Professor Mark Liebert

Fedele and Leibert collaborated on the design of the course in response to call for more AI-based classes in the College of Engineering. “Art and Generative AI” is one of the electives in Georgia Tech’s new minor in Artificial Intelligence and Machine Learning, offered in partnership with the College of Engineering and the Ivan Allen College of Liberal Arts.

Taught for the first time in the spring semester, the course explores the intersection of AI technology, art, design, and neuroscience to create innovative synthetic, or generative media for artistic expression. Students learned how to leverage AI algorithms, design principles, and neuroscience insights to generate new forms of visual and auditory art.

Two histories, one goal

The students started out the semester getting a crash course in both art history and the history of AI.

Fedele he became interested in AI for art and rogue wave research. “Most people, when they want to learn something, they take a class. Me? When I want to learn something—I teach it,” he said.

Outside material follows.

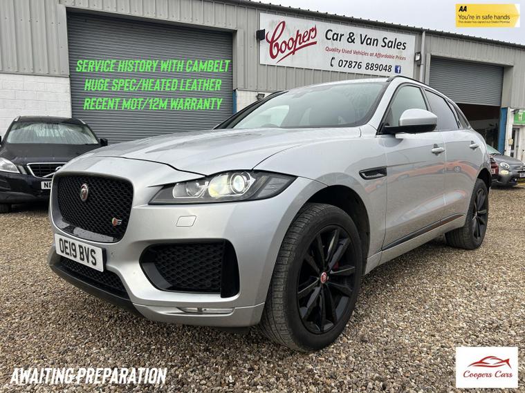 This Jaguar F Pace has been absolutely cherished, has never wanted for anything and is a credit to its previous owner! In stunning condition inside and out and has been very well looked after with an excellent service history including a very recent timing belt replacement. The car is also complete with 2 keys and will be leaving us with a very recent MOT and supported by a twelve month warranty and twelve months breakdown cover (warranty can be extended to 48m at an additional cost). Huge specification with 20in alloy wheels, parking sensors with reversing camera, privacy glass, full leather interior with heated front and rear seats, touch screen display with Carplay and sat nav, sliding panoramic roof, detatchable towbar and so much more
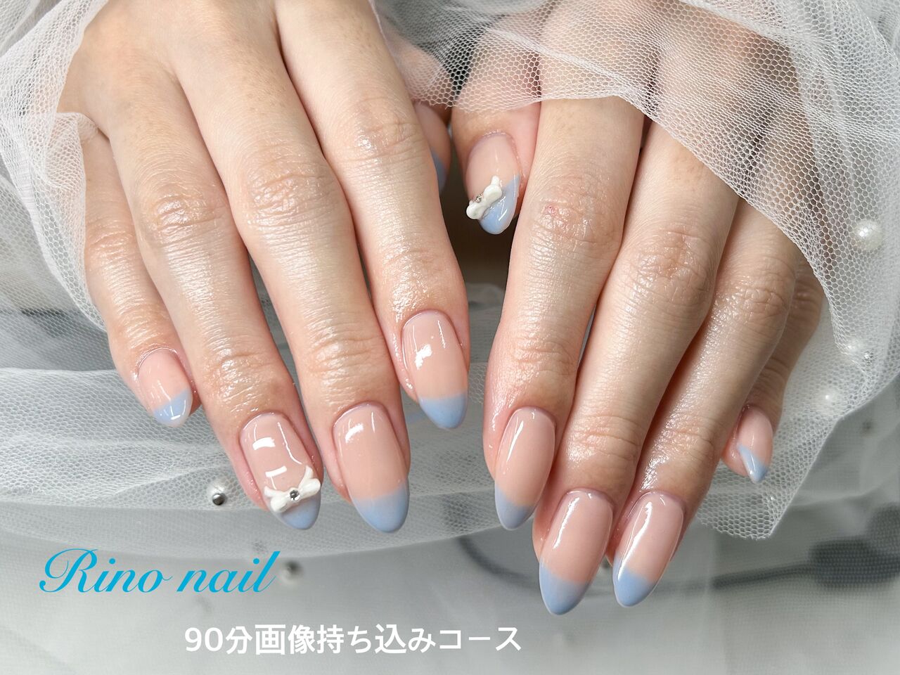 馴染みの良いベージュをベースカラーにして淡いブルーでフレンチを描いてます!

He explained that he dove into the fundamentals, connecting them across disciplines, and built things—from neural models of ocean waves to brainwave-powered art installations. “I teach AI not just to share knowledge, but because teaching forces me to understand it deeply, ask better questions, and keep exploring.”

“The beginning is the perceptron,” Fedele said, referring to the fundamental model in machine learning, originally introduced by Warren McCulloch and Walter Pitts in 1943 that serves as the foundation for modern artificial neural networks. Fedele takes his students through the history of AI models and provides them with Python scripts to explore how each one works. Throughout the semester, the class inputs imagery into the algorithms to create composite art they can build upon.

“Basically, we deliberately push all these AI algorithms  in their state of weakness so that they produce hallucinating and confusing output, Fedele said. “That is helpful, because then a student can reclaim control on the creative process and so they can use that output and reimagine it and reinterpret it.”

In contrast with the perfect output of modern-day AI software like ChatGPT, Fedele shows the students how to produce imperfect “hallucinating” output by deliberately limiting data sets, reducing training times or working with constrained models. The students then step in to interpret the imperfect output, elaborating upon it to reach the final artistic work.

Concurrently, the students also learned fundamentals of various artistic media — drawing, printmaking, oil painting and sculpture—in labs with co-teacher Liebert, a professional artist and professor of the practice who pioneered utilizing AI in artistic practice at Georgia Tech.

The students had a wide range of familiarity with artmaking, according to Leibert. “It's not like there are these really clean distinctions between humanities and engineering students,” Leibert said, “But it's always interesting to see how to make inroads to a unique student.”

Leibert saw the labs as working in parallel with the computer history, starting out with black and white charcoal drawings. “I would try to align that with the basics of computer vision, for example, binary images, black and white images. Then the progression of black and white to grayscale; the progression of grayscale to color, and so on,” he said.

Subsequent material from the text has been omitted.